Adela era una mujer de más de setenta que apenas había salido del pueblo. Una vez estuvo en Salamanca de viaje de novios. En otra ocasión su marido quiso que conociera el mar y la llevó a Valencia.
Era una persona sencilla y se limitaba, por todo entretenimiento, a charrar con las vecinas mientras hacía la compra.
Don Cosme era el sacerdote del lugar. Aquel día, víspera de la Fiesta Grande de la localidad, su madre, que vivía en la ciudad, lo visitó. Como madre que era, encontró a su hijo algo desmejorado o, como ella decía, «con cara de cocido retrasado». Pasó a la acción y se metió en la cocina. Le preparó una fabada con chorizo, morcilla y tocino. Para Don Cosme aquello era rozar el Paraíso. Nadie sabía hacer la fabada como su santa madre. Se tomó un cafelito y aún le dio tiempo a echar una cabezada.
Por la tarde se fue a la iglesia a confesar a los fieles que acudirían a la Misa Mayor del día siguiente. Después de atender a dos feligreses acudió Adela muy compungida.
—Ave María Purísima…
Cuando apenas la mujer había comenzado, la fabada empezó a hacerse notar en las tripas del cura. El gas descendía por su organismo hasta el trecho final, momento en el que Don Cosme apretó el trasero contra el asiento pretendiendo ahogar el ruido que sospechaba emitiría. La jugada le salió mal. Un aullido agudo y doliente se oyó multiplicado por las paredes del confesionario. Mientras, Adela, algo sorda y carente del sentido del olfato, le narraba sus «horribles pecados» del día anterior.
Se había comido toda una bolsa de rosquillas fritas mientras y (eso era lo peor) veía una película de esas picantes de Alfredo Landa.
Conforme la mujer detallaba sus pecados, el sacerdote se retorcía tratando de evitar que al resto de los fieles les llegara algo de la batalla desencadenada en su intestino. No lo consiguió. Los truenos y el mal olor hicieron que la iglesia se fuera despoblando hasta que Adela se quedó sola frente al sonrojado Don Cosme que continuaba tirándose ventosidades… Ya no aguantaba más. Dejó a la pobre mujer que seguía pormenorizando sus «fechorías» con la palabra en la boca y se fue corriendo a la sacristía.

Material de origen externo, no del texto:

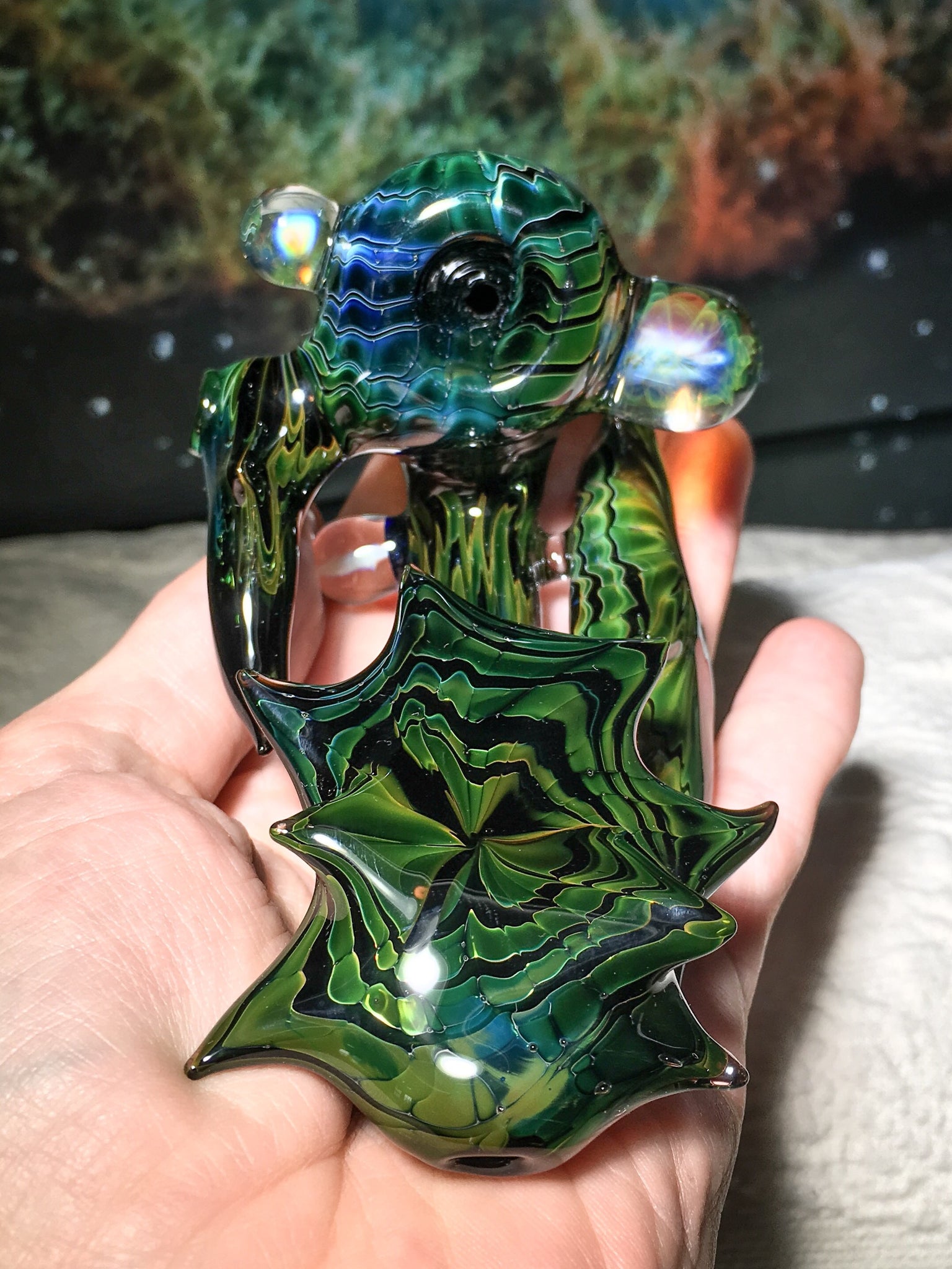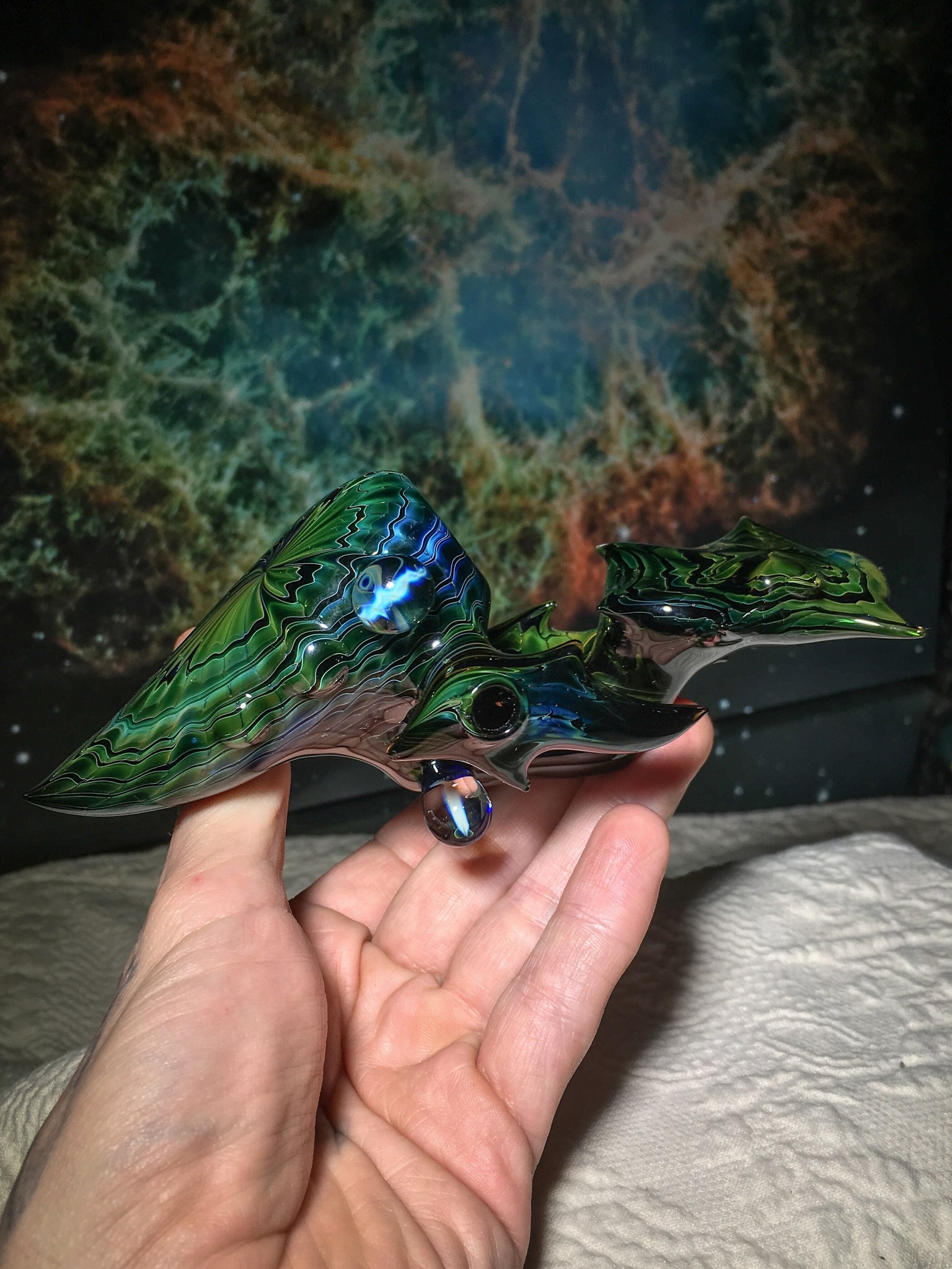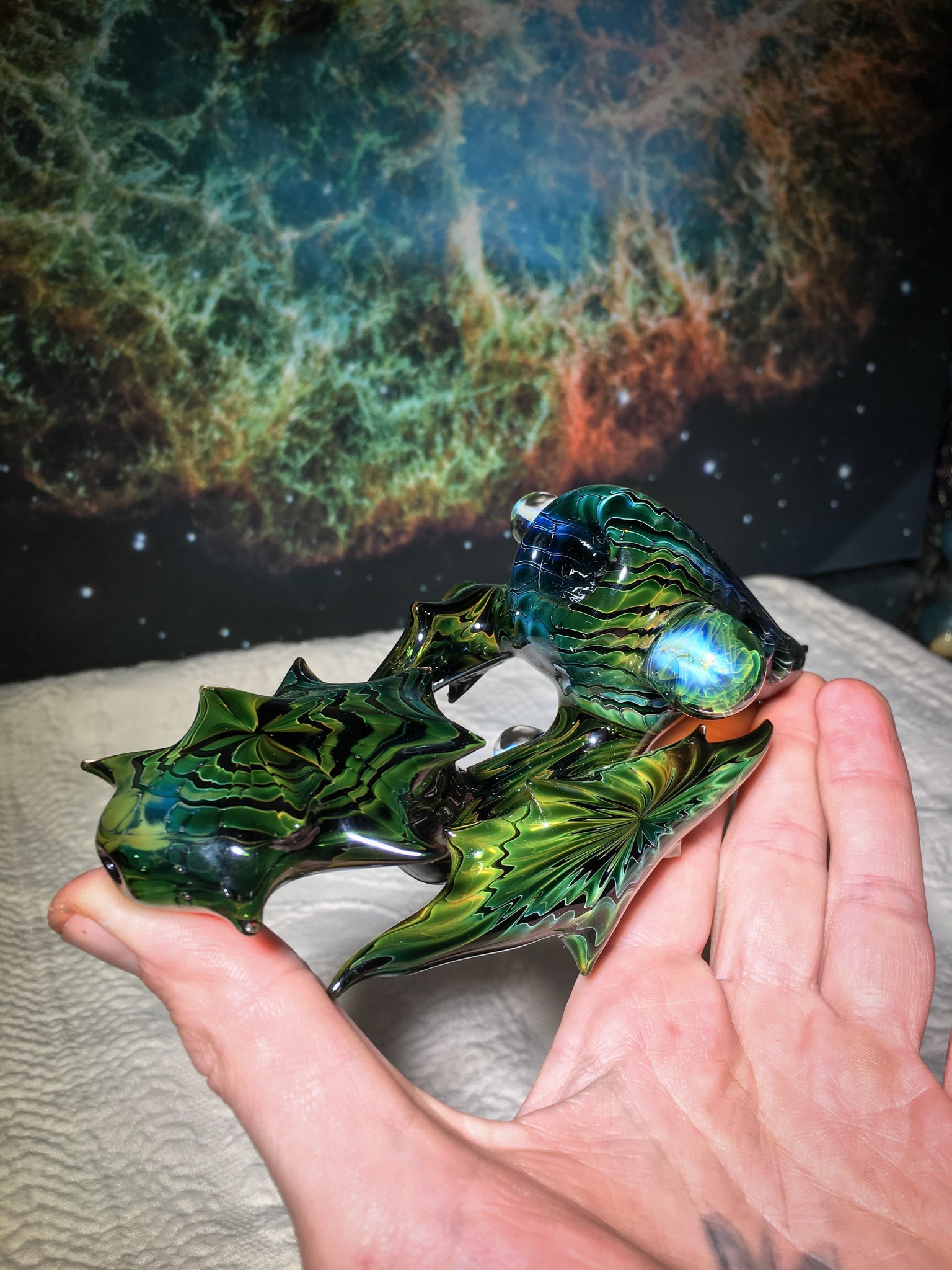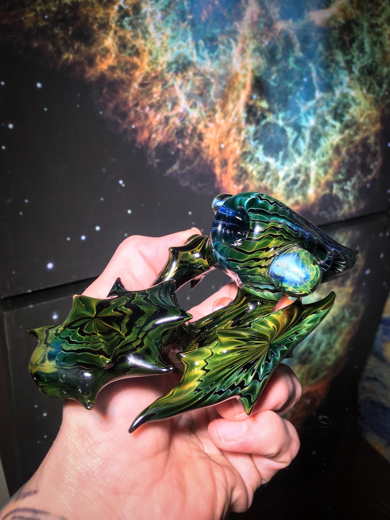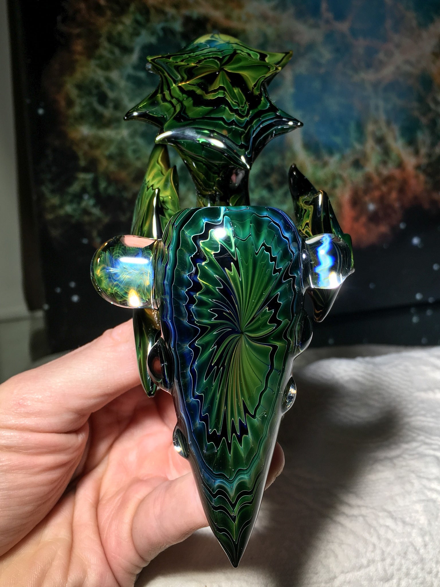 Pure Gold and silver fume rake patterns on black create the the spectrums and portal holes in this unique piece of functional art.

Cuando la pobre Adela vio al cura salir despedido del confesionario llegó a la conclusión de que sus delitos habían escandalizado tanto al párroco que este había salido horrorizado.
Pasadas dos horas, Don Cosme ya con aspecto más relajado, volvió para cerrar la iglesia y allí la encontró. Adela se encontraba rezando con los ojos rojos de tanto llorar viendo que se consumiría en las llamas eternas por sus pecados en cuanto la Parca le viniera a buscar.
Esta vez fue el sacerdote el que hubo de confesarse. Adela se sentía mejor, pero por si acaso, depositó un billete de cien pesetas en el cepillo parroquial.